History speeds up…

This has been a momentous year. On the 17th December 2010, unemployed Tunisian youth, Mohamed Bouazizi, after having his vegetable stall removed by the police, sets fire to himself in protest. He later dies – this was the literal spark the garnered Tunisian youth into rebellion. Within a month, Tunisian President Ben Ali, had fled to Saudi Arabia, his regime collapsing.

This movement was soon adopted by the Egyptians, Jordanians, Palestinians and Syrians, to a greater or lesser degree of earnest application, and repressive crackdown. Syria is ongoing; Libya spawned a Conflict all of its own, involving a myriad of Nato forces – though, no manpower on the ground. So. we heralded the “Arab Spring”…the US, for once impressive in its restraint, adopted  a “wait and see” policy – one it still maintains.

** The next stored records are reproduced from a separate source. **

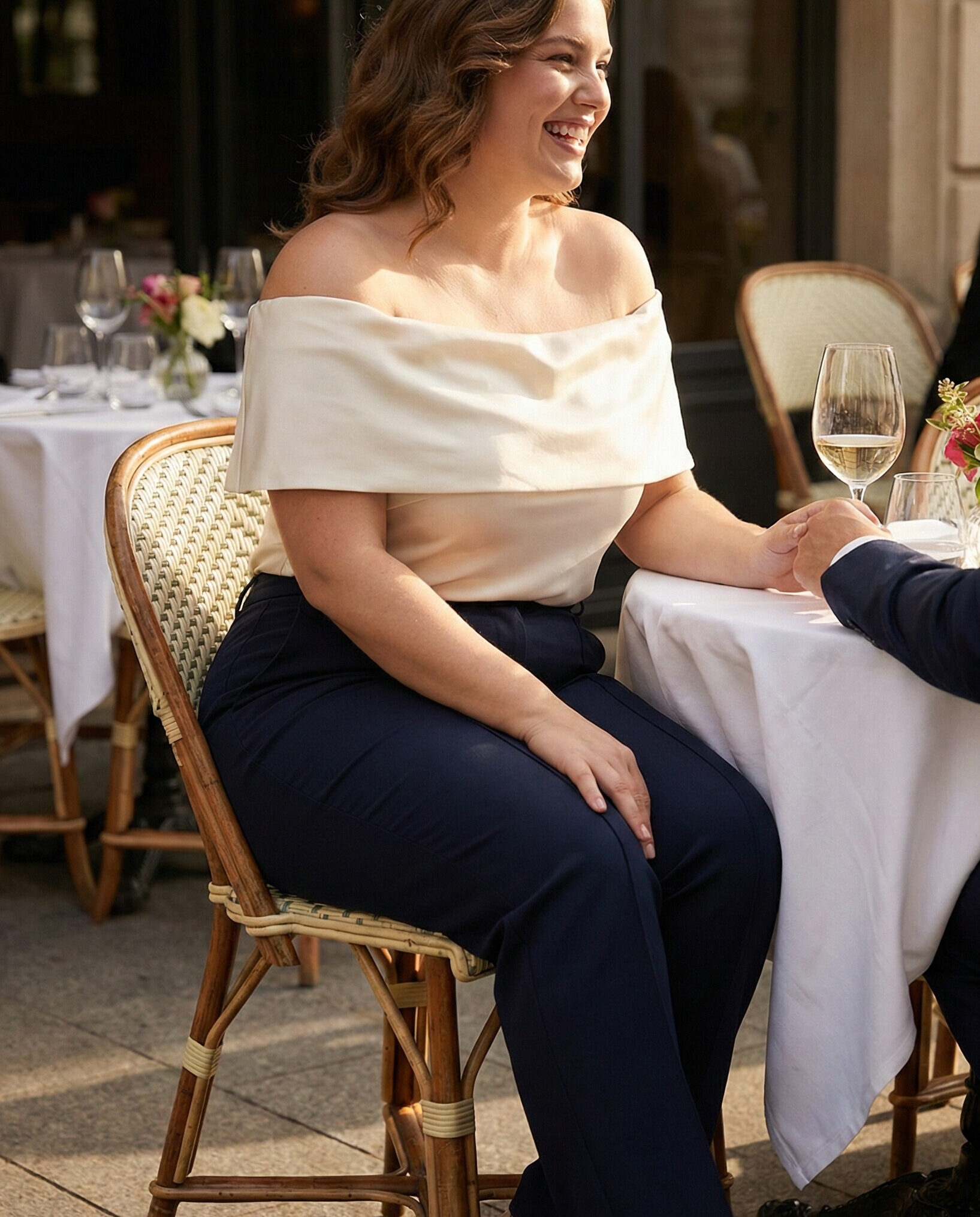 An off-shoulder top softly highlights the neckline and shoulders, adding a subtle romantic touch. Paired with straight-leg pants, this outfit creates a balanced and flattering silhouette that works beautifully for dinner dates.
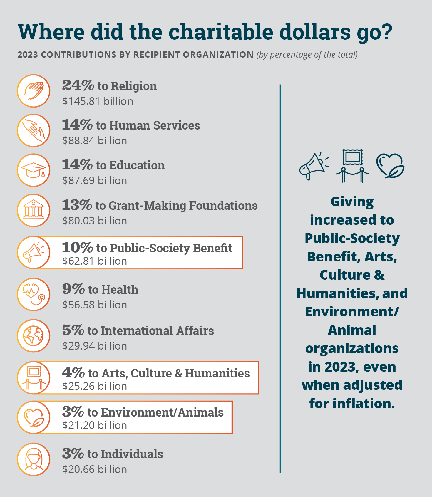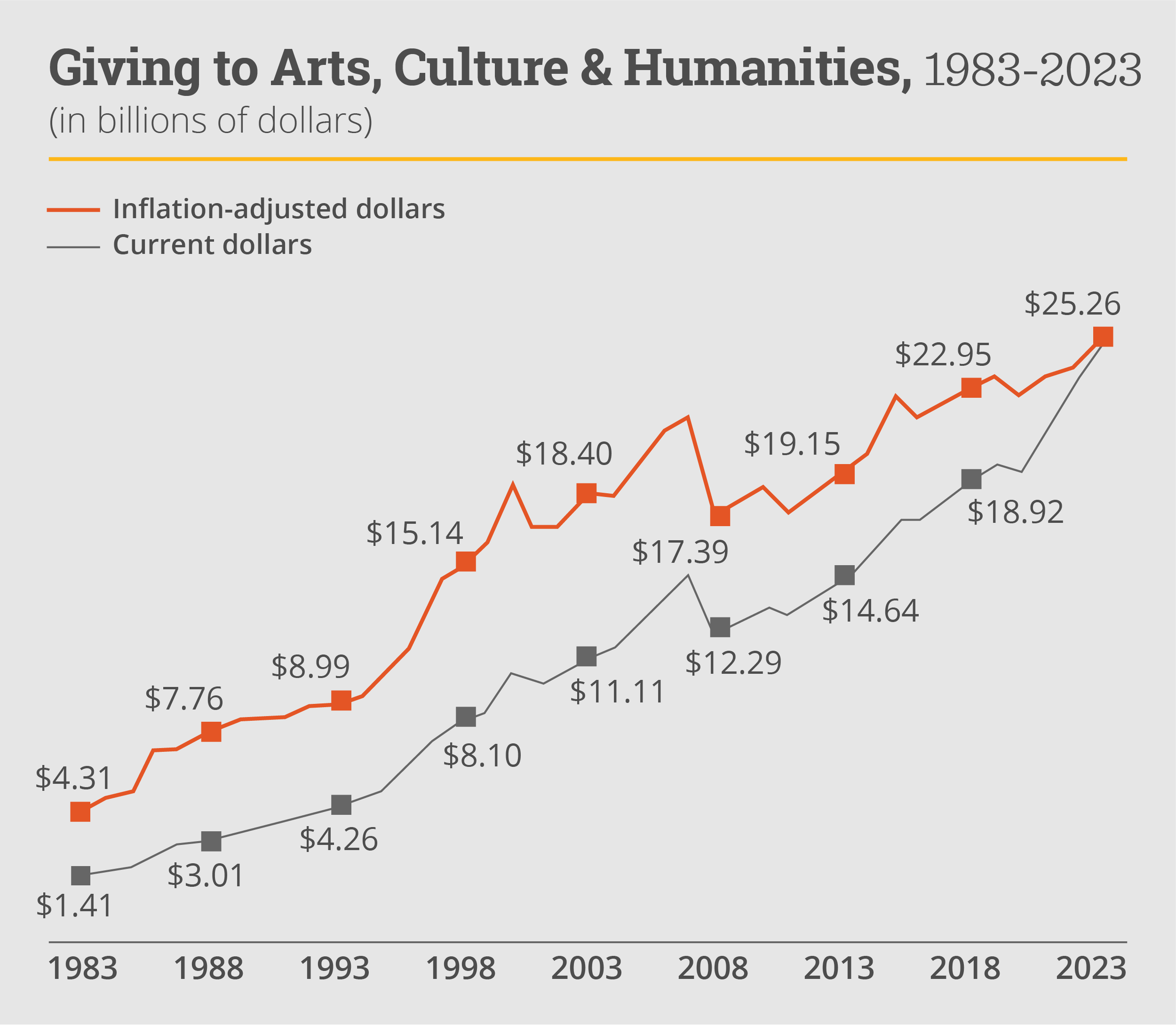 Giving to arts, culture, and humanities organizations saw a resurgence in 2023, following a dip during the COVID-19 pandemic. The subsector received $25.26 billion in 2024, or 4% of all 2023 contributions. This is an 11% increase in gifts from the prior year, and a 21% increase over the last two years, reaching a record high when adjusted for inflation​.
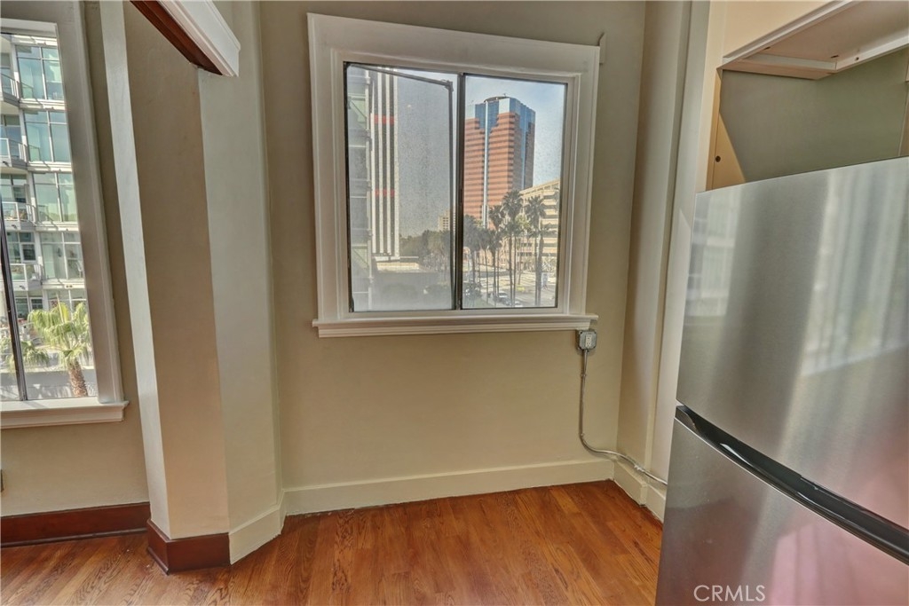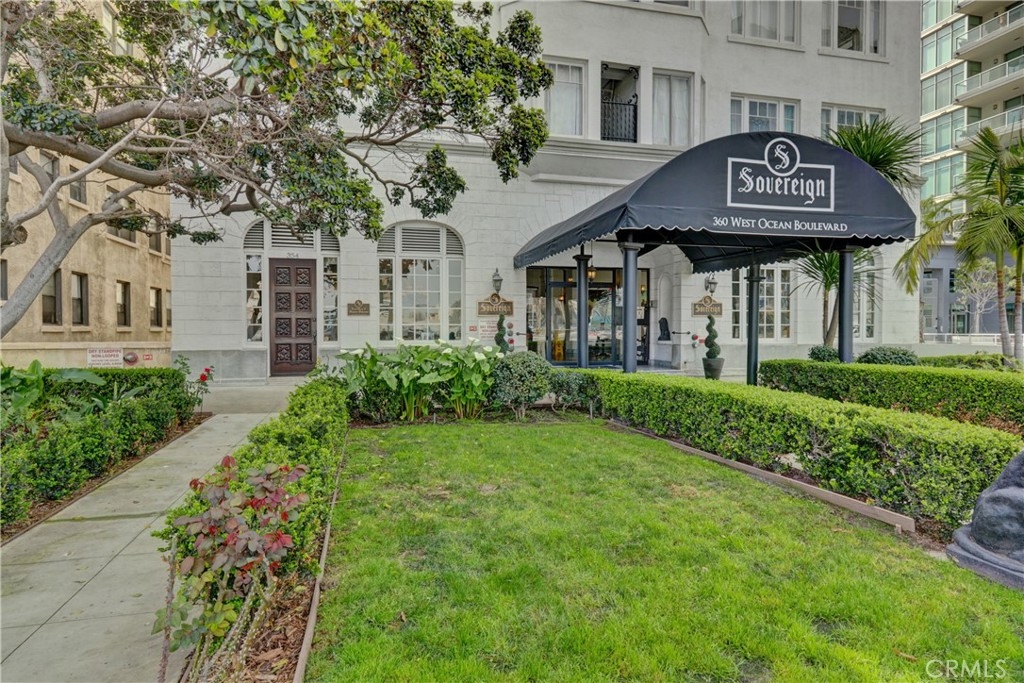 BACK ON THE MARKET. Welcome Home to this beautiful restored studio in the historic Sovereign in downtown Long Beach. As you enter the condo, you will be greeted by natural sunlight through the large windows adding to the openness of the unit. The owner spent $75.000 bringing this studio down to the studs. The kitchen and bathroom have been completely restored. The kitchen features Quartz counters, stunning cabinets, stainless steel appliances, new hardwood flooring and includes a dining area. The rebuilt bathroom includes Quartz counters, tile floors and a deep tub. SEE SUPPLEMENT FOR LIST OF IMPROVEMENTS. A unique feature in the unit is a large walk-in closet (one of two closets) which can also be used as a dressing room. The large open living area is ready for your creative touch which could include replacing the built in bookcase with a Murphy Bed. Alternatively some owners have created a separate sleeping area (see photos). You and your guests will love walking through the huge lobby entrance with beautiful marble floors and ample seating to relax and enjoy the atmosphere. The Sovereign solarium, accompanied by a large library, on the top floor of the building has the best views of any solarium in the city. You will overlook the Queen Mary, the ocean, the busy Long Beach/LA ports activity and the Long Beach Grand Prix. The building permits Airbnb, one of the few complexes in downtown that allows vacation rentals. HOA dues include gas, water, sewer and trash. There is a storage locker for your seasonal decorations, suitcases, etc. Cover parking is available next door for $100 a month. The Sovereign has a walkable walk score of 85. You will be close to dining on Pine Avenue, shopping at the Outlets, Aquarium of the Pacific, the convention center, theaters, museums and the METRO to downtown LA and points beyond is a six minute walk away. Some of the photos have been virtually staged.
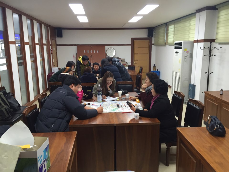 각 동의 큰 지도를 펼쳐놓고 시민이 직접 짚어주시는 공간에 대해서
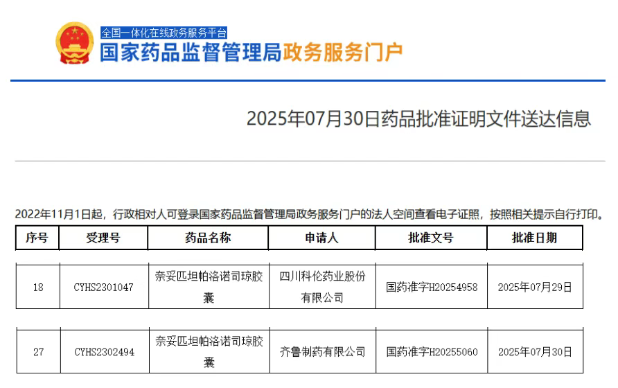7月30日,国家药监局(NMPA)官网显示,四川科伦药业股份有限公司按仿制4类申报的奈妥匹坦帕洛诺司琼胶囊获批上市,视同通过一致性评价,一举拿下该复方止吐药首仿,齐鲁制药也随后获批。
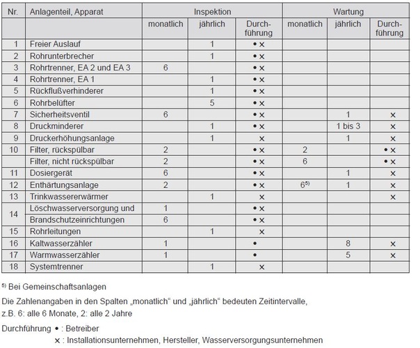 Auch eine Trinkwasser-Installation benötigt nach einem festen Zeitplan einige Wartungsarbeiten. Einige dieser Arbeiten kann der Betreiber selbst ausführen, andere sollte er dann doch lieber in Fachmann-Hände geben. Welche das sind, kann man schnell un übersichtlich folgender Tabelle entnehmen.

The year moves on: Mubarak finally resigns (“finally” in this context should be qualified: after a 30 year reign, to take a couple of months to oust, is no mean feat.) Libya, however, entrenches – Colonel Gaddafi isn’t going anywhere…months of violence ensue, cities are bombed, thousands displaced, hundreds killed. The western countries follow an aerial bombing campaign, a war of attrition from the sky begins and formal alliances with the rebels are established. The bombing begins to co-ordinate with rebel movement on the ground; Gaddafi flees. He is later captured, physically violated and killed by those he has ruled for 40 years, those who he swore would die to protect him…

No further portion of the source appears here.